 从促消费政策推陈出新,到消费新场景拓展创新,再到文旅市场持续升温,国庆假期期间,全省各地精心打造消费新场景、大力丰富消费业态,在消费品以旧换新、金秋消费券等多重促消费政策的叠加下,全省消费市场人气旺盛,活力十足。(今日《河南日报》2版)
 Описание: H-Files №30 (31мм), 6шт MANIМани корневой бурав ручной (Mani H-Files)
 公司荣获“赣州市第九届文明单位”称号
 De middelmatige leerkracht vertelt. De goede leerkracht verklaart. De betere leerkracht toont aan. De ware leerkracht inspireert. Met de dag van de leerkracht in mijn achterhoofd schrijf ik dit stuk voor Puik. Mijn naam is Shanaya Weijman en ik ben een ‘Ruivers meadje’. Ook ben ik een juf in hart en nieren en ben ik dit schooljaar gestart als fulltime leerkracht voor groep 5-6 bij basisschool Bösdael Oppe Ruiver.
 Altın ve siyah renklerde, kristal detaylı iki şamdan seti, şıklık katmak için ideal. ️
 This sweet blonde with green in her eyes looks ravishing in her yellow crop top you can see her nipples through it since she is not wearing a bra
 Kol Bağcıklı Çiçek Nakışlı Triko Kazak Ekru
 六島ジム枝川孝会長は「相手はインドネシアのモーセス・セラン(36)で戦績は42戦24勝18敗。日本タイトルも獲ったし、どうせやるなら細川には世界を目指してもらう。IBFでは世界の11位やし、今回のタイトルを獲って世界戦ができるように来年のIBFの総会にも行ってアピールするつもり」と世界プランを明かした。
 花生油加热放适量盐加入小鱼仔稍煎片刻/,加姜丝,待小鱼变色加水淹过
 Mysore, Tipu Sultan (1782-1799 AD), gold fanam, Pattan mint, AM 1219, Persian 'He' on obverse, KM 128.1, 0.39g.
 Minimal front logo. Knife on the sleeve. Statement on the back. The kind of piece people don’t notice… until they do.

■ DESCRIPTION OF THE TASK
Look above for the line containing "花生油加热放适量盐加入小鱼仔稍煎片刻/,加姜丝,待小鱼变色加水淹过"; reproduce it and every line after it through the end of the material, exactly, and nothing else.

■ RESULT OF THIS EXERCISE
 花生油加热放适量盐加入小鱼仔稍煎片刻/,加姜丝,待小鱼变色加水淹过
 Mysore, Tipu Sultan (1782-1799 AD), gold fanam, Pattan mint, AM 1219, Persian 'He' on obverse, KM 128.1, 0.39g.
 Minimal front logo. Knife on the sleeve. Statement on the back. The kind of piece people don’t notice… until they do.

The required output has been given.